Na tabela 1 estabeleceu-se que a questão chave dessa terceira dimensão reside no debate sobre o “direito de governar” e o “reconhecimento do direito de governar” enfeixados na pergunta acerca de “qual é o fundamento do exercício de um governo legítimo?”. Ao avançar para a tabela 2, pode-se constatar que da organização política do medievo para o Estado moderno vestfaliano, passou-se de um fundamento de legitimidade personalizado e sacralizado para um modelo racionalista-institucional.

Essa nova configuração de legitimidade do poder – talvez a mais abrupta das passagens do medievo à modernidade ocorrida no seio do Estado – liga-se à noção de constituição como organização das liberdades (seção 2.2.3). O constitucionalismo, ou a estrutura padrão das constituições, fornecerá ao moderno modelo de Estado uma dupla fonte de direitos legitimadores do exercício do poder.

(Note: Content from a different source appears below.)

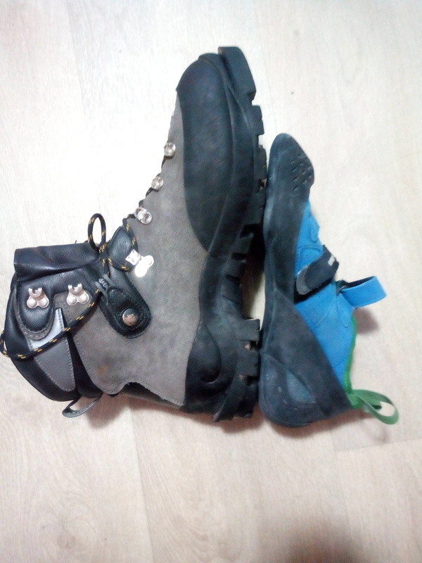 Не путайте альпинизм и скалолазание! Альпинистский ботинок и скальная туфля в сравнении. Оба на мой 45-й размер ноги.

De um lado, encontram-se os direitos políticos, garantidores de uma participação no processo de escolha daqueles que efetivamente exercerão o poder; do outro, aparecem os direitos de liberdade em sua mais clássica e individual configuração. Esses direitos serão considerados como direitos anteriores e inerentes à comunidade política, sendo insculpidos na constituição e convertendo-se no núcleo de legitimidade material da constituição, do Estado, e ao final, do próprio exercício do poder. Nesses termos, será legítimo o governo que atue a partir do respeito irrestrito e incondicional aos direitos de liberdade, o que, mais de um século depois da Revolução Francesa, será ainda reforçado por ondas sucessivas de constitucionalização de direitos de cunho prestacional (assim chamados os direitos sociais, econômicos e culturais) e de uma gama de direitos difusa e coletivamente compreendidos, de forma relativamente independente do indivíduo.

Por fim, a quarta dimensão da soberania (construção de identidades) relaciona-se a um dos mais complexos problemas democráticos das sociedades contemporâneas, altamente complexas e com acentuados traços multiculturais.

A tabela 1 fixou a questão dos fatores de integração e de construção dos vínculos comunais como a última dimensão da organização política, pautando-a na questão sobre “qual é fator que contribui para a integração comunitária?”. À continuação, por meio da tabela 2, viu-se que a organização política do medievo pautava-se organização local (em sua mais específica acepção) acrescida dos vínculos de pertencimento à Cristandade, ao passo que o “estado territorial soberano” amplia o espectro para a ideia de identidade nacional e lhe acresce o moderno conceito de cidadania.

O constitucionalismo surge e se desenvolve bastante atrelado à ideia de cidadania. Cidadão é o comum, o igual, o pertencente a um mesmo território, fundamentalmente ligado aos demais por questões de descendência, língua, cultura, símbolos e, fundamentalmente, o pertencimento ao mesmo Estado.

A teoria do poder constituinte, já com a obra inicial de Sieyès, trabalha a partir do conceito abstrato de Nação, o conjunto dos membros da comunidade política a quem, em razão de vínculos de pertencimento a uma mesma comunidade política, territorialmente circunscrita, é atribuída a soberania popular. Ou seja, conceitos como cidadão, nação e até povo (em uma nova configuração) passam a ser ligados à idéia de participação na formação da vontade coletiva.

Porém, o problema (o desafio) da construção de identidades exige sua constante reinvenção, assumindo contemporaneamente feições dramáticas. Quando se opera a passagem do já consolidado, mas ainda inicial, “estado territorial soberano” para Estados multiculturais, o problema da identidade amplia-se exponencialmente, pois, quando se reconhecessem a diversidade e a pluralidade no interior dos Estados– em seus mais variados aspectos – a questão relativa à construção de identidades, em meio a tantos fatores de dispersão centrífuga, exige sejam renovados (e redimensionados) os vínculos de identidade por intermédio de inúmeros pontos de convergência formal e material, no seio das práticas sociais e das pretensões de ordenação do espaço coletivo.